ODDs describe the big picture of how an automated system is intended to operate. Real models fail on the small stuff. Micro-parameters, such as lighting angle, clothing reflectivity, lane-marking wear, or windshield glare, often determine whether perception and planning remain stable or drift. OASISS (ODD-based AI Safety in Autonomous Systems) establishes a framework for this reality by evaluating whether training and testing datasets are sufficiently comprehensive for the Target Operational Domain (TOD). It focuses on completeness and representativeness, and asks developers to justify any gaps through an acceptability argument.

Credit where it’s due

OASISS was introduced by Jerein Jeyachandran, Siddartha Khastgir, Xingyu Zhao (WMG, University of Warwick), Eric Barbier (Wayve), and Paul Jennings (WMG).
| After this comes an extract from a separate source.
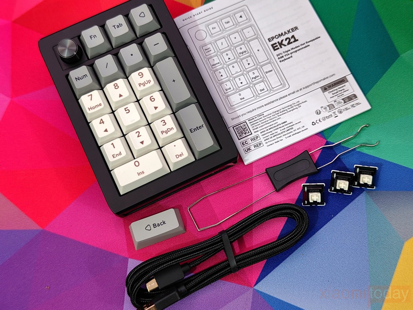 The EPOMAKER EK21 package includes the numpad, a 2-in-1 keycap and switch puller, and an extra “Back” keycap for customization. It also comes with a 1.8-meter detachable USB-A-to-C braided cable and a 2.4GHz wireless dongle, offering both wired and wireless connection options. A multilingual manual provides clear setup instructions, ensuring users can start using the keyboard immediately.

Their work proposes a model-agnostic way to judge whether your training and test scenarios suit the TOD you claim to support.

Why OASISS matters now

Standards alignment
OASISS explicitly maps to dataset-related properties in ISO/PAS 8800 and utilizes ISO 34503 concepts, the standards used by regulators and safety assessors. Refer to the ISO/PAS 8800 and ISO 34503 overviews for context.
TOD vs ODD clarity
It distinguishes between where the system was designed to work (ODD) and where it will actually encounter conditions (TOD). The gap matters.
Quantitative checks, not assumptions
Completeness looks for the presence of required elements and even out-of-ODD conditions you should safely reject. Representativeness compares the frequency of conditions to the TOD, using standard binning and divergence metrics for continuous and categorical variables.
Micro-parameters are treated as core elements
Micro-parameters are not typically part of the ODD, yet they influence perception and behavior. OASISS treats them as first-class items to specify in the scenario or in a parametrization file, and then score.

How this connects to MATT3R’s pipeline

In our scenario-reconstruction post, we outlined how real-world journeys are turned into simulation-ready assets that power two products: Capsul3 FOUNDATION for training data and Capsul3 SCENARIO for validation. The post walks through the global occupancy grid, OpenDRIVE/OpenSCENARIO export, and quality checks.

Capsul3 FOUNDATION delivers synchronized multi-modal clips and tags that highlight unusual or safety-critical moments for training.
Capsul3 SCENARIO reconstructs the same moments into standards-compliant scenarios for simulation, verification, and validation (V&V).

OASISS provides us with a language to demonstrate how sufficient those assets are for a stated TOD. It also aligns with behavior taxonomies emerging from BSI Flex 1891, connecting scenario behaviors and ODD.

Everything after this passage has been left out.